- [Dataset records]
────────────────────────────────────────

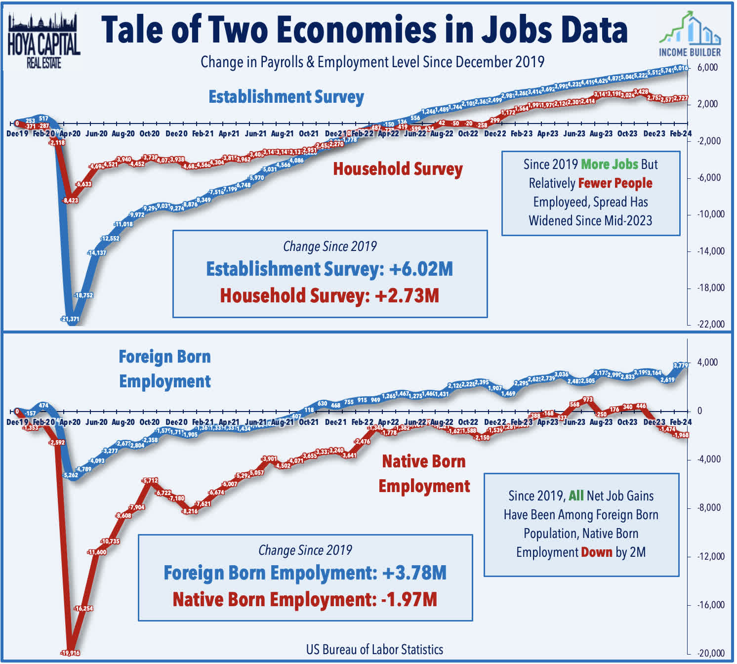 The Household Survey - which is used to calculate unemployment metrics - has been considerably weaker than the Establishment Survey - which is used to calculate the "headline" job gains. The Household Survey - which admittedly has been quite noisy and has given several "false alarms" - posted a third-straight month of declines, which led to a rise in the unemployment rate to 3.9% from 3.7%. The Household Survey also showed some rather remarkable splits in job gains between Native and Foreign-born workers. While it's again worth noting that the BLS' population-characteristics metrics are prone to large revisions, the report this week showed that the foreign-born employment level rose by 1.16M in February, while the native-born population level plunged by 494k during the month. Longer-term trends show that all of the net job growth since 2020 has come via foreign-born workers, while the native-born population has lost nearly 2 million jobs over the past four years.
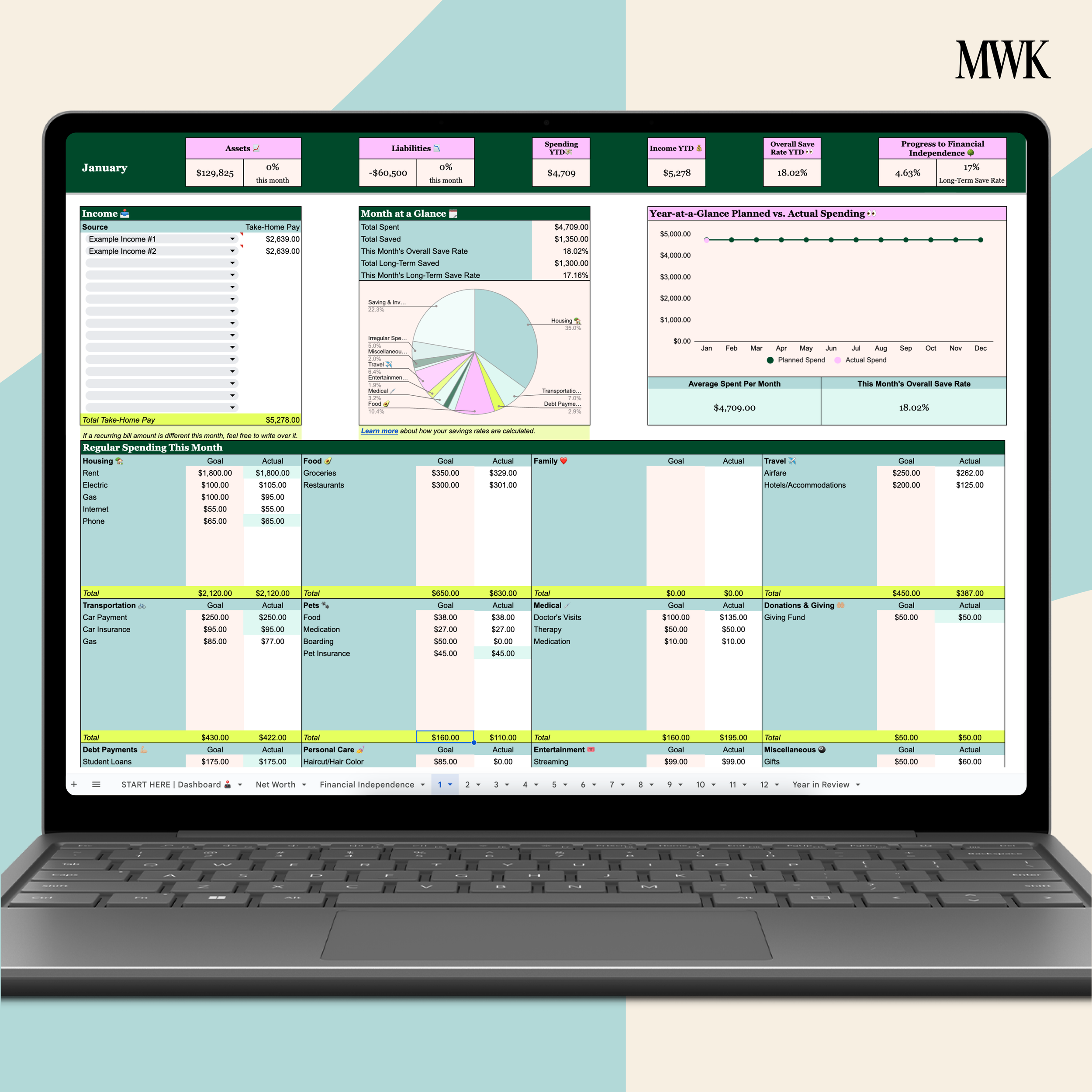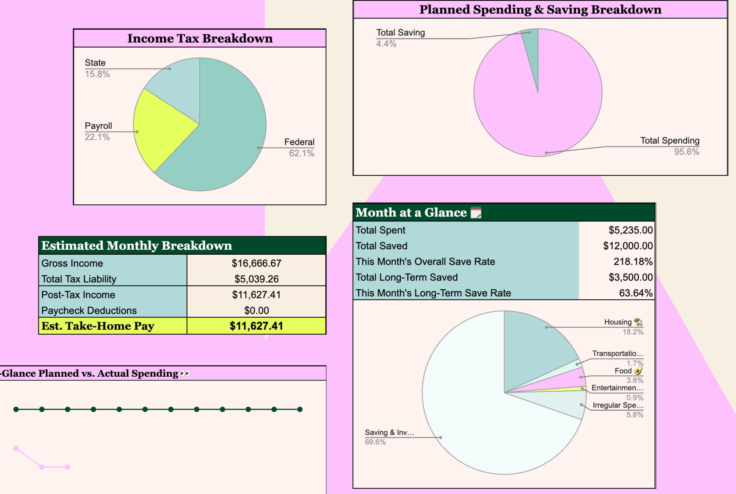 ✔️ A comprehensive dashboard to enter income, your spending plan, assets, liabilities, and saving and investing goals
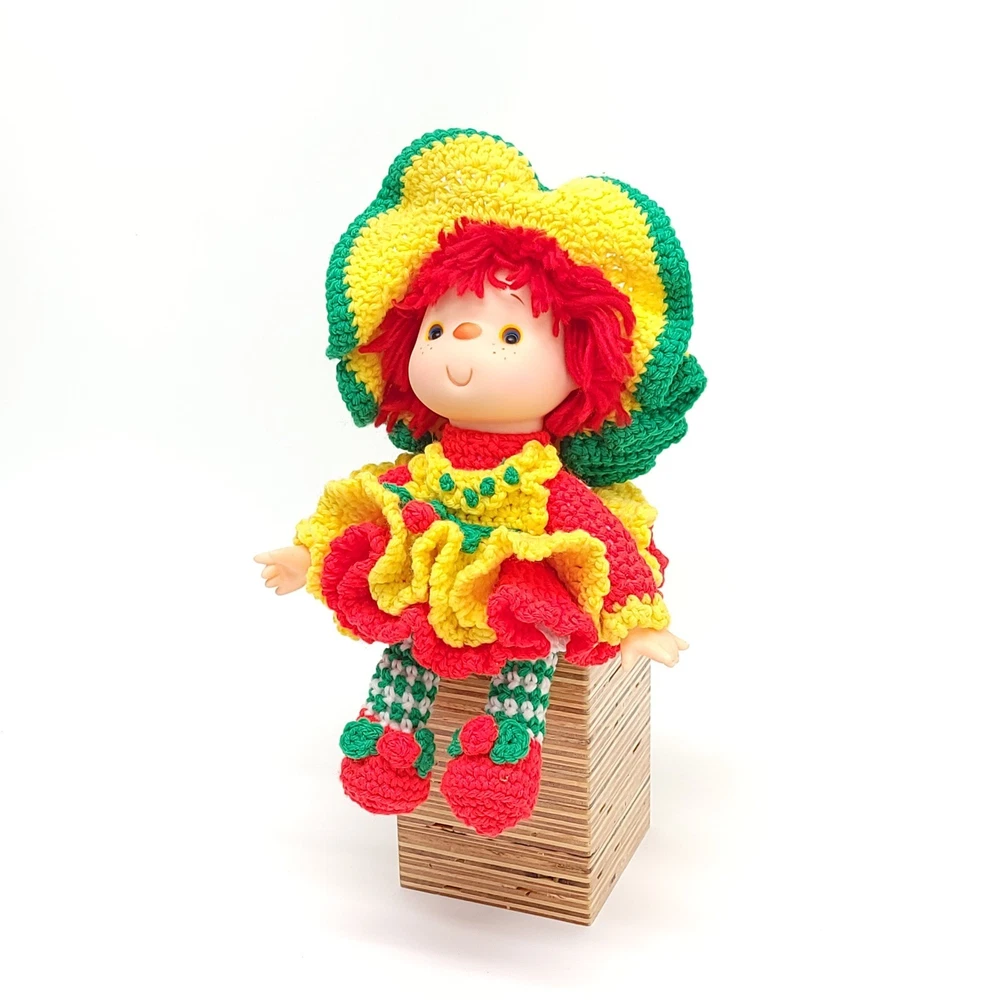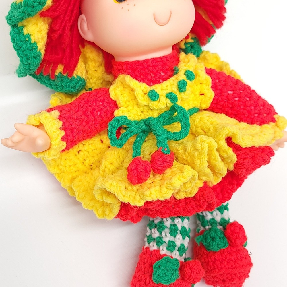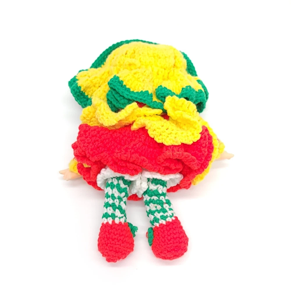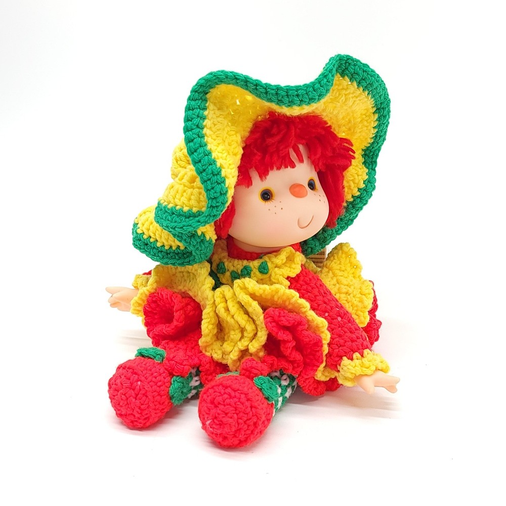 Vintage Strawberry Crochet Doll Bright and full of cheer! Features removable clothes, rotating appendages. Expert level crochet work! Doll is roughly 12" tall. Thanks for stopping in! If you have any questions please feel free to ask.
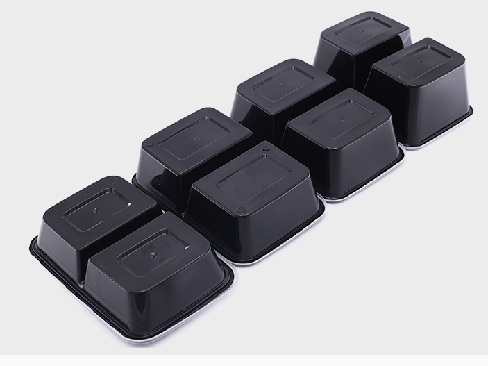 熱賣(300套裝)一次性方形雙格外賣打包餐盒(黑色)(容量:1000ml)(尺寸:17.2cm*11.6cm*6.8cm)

────────────────────────────────────────

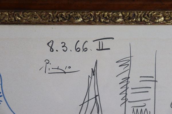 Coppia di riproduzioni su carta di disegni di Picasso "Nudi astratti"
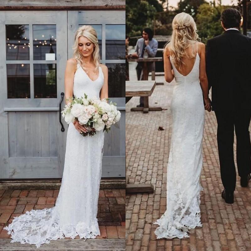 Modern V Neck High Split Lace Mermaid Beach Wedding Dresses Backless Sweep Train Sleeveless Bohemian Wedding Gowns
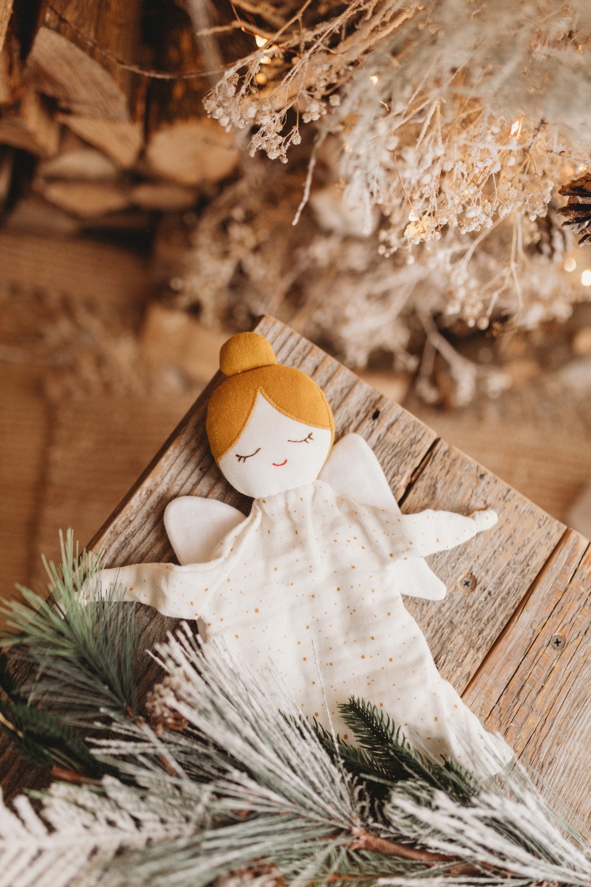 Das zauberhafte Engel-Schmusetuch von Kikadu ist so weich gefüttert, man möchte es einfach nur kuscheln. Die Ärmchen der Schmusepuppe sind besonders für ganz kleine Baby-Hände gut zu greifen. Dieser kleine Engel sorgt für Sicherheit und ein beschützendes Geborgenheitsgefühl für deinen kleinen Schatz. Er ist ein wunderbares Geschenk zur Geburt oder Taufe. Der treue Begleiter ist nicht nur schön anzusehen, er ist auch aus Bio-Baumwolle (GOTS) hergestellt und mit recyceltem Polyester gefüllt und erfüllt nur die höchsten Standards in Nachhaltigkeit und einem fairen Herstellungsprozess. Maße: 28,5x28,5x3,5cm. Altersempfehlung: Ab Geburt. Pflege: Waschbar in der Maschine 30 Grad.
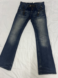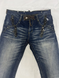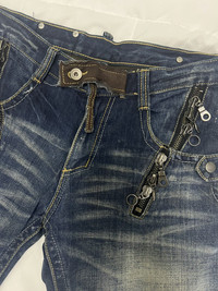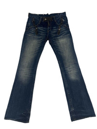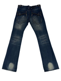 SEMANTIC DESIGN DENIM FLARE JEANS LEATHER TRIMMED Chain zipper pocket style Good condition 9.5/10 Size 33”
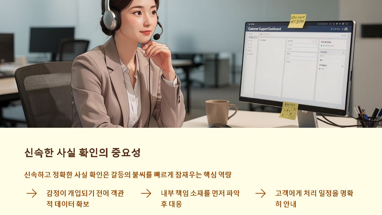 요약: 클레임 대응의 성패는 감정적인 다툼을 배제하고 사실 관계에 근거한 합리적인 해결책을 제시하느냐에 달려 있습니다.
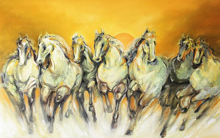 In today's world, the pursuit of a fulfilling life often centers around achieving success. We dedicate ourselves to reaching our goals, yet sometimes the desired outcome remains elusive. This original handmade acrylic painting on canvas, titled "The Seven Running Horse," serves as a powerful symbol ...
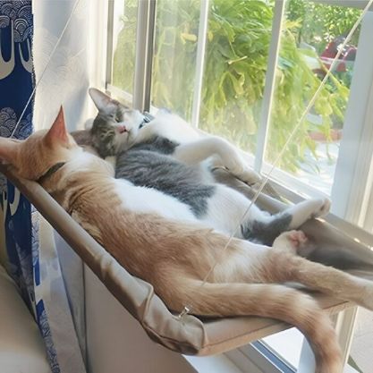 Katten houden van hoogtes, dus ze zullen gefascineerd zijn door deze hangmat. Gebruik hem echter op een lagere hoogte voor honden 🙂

────────────────────────────────────────

Everything from the line with "Vintage Strawberry Crochet" through the line with "熱賣(300套裝)一次性方形" in the material above should be transcribed exactly, except the pictures.

- [Written answer]
 Vintage Strawberry Crochet Doll Bright and full of cheer! Features removable clothes, rotating appendages. Expert level crochet work! Doll is roughly 12" tall. Thanks for stopping in! If you have any questions please feel free to ask.
 熱賣(300套裝)一次性方形雙格外賣打包餐盒(黑色)(容量:1000ml)(尺寸:17.2cm*11.6cm*6.8cm)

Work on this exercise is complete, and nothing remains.